Important considerations:
- Hardware requirements (CPU vs GPU, VRAM, memory).
- Latency vs throughput trade-offs.
- Model management, versioning, and monitoring.
- Safety and abuse prevention controls.
Example outline:
- Run a model container locally or in your private cloud.
- Expose a REST or GraphQL endpoint.
- Integrate your app to call the endpoint with prompts and stream responses if supported.
Cloud-based non-OpenAI providers
Providers to explore:
- Cohere
- AI21 Studio
- Others that offer text generation, summarization, or classification APIs
- Key considerations: pricing, rate limits, data handling, and SLA
Guiding tips:
- Vet data handling and retention policies.
- Use regional endpoints to reduce latency.
- Combine with on-device or self-hosted for sensitive workflows.
Building a simple feature: text generation without OpenAI
- Use a local or hosted endpoint to generate text from a prompt.
- Implement prompt templates and a lightweight safety guardrail.

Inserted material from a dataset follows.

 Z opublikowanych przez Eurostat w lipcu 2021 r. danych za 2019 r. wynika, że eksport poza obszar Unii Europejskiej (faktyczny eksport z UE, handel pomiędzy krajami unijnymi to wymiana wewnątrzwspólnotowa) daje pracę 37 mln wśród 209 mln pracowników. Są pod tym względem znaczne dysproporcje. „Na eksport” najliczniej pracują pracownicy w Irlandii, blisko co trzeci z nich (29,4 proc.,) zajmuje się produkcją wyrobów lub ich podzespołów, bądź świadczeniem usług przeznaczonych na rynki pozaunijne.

Code example (fetching from a local/self-hosted endpoint):
# Call a local inference endpoint
curl -X POST http://localhost:8000/generate \
-H "Content-Type: application/json" \
-d '{"prompt":"Summarize the following article: ...","max_tokens":200}'
Code example (client-side fetch in a web app):
async function generateText(prompt) {
const res = await fetch('/api/generate', {
method: 'POST',
headers: { 'Content-Type': 'application/json' },
body: JSON.stringify({ prompt, max_tokens: 200 })
});
return res.json();
}
Performance, privacy, and cost considerations
- Performance: measure latency, throughput, and model quality; balance with device capabilities.
- Privacy: prefer on-device or private-cloud deployments for sensitive data.

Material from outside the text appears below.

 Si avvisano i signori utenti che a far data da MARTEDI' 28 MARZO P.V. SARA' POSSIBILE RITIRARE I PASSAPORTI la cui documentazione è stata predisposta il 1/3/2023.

- Cost: monitor API usage if using third-party services; consider model size and hardware costs for self-hosted options.
- Maintenance: plan for model updates, drift monitoring, and content safeguards.
Security and governance
- Implement input validation and rate limiting to mitigate abuse.
- Use access controls and secrets management for endpoints.
- Log and audit AI interactions to meet compliance requirements.
- Establish content policies and guardrails to prevent unsafe outputs.
Next steps
- Pick a single AI feature to start (e.g., text summarization) and choose an implementation path (on-device, self-hosted, or cloud provider).
- Prototype quickly with a minimal model and a simple API, then iterate on latency and accuracy.
- Plan for data privacy, cost management, and governance from day one.
- As you grow, consider a hybrid architecture to balance privacy, performance, and scale.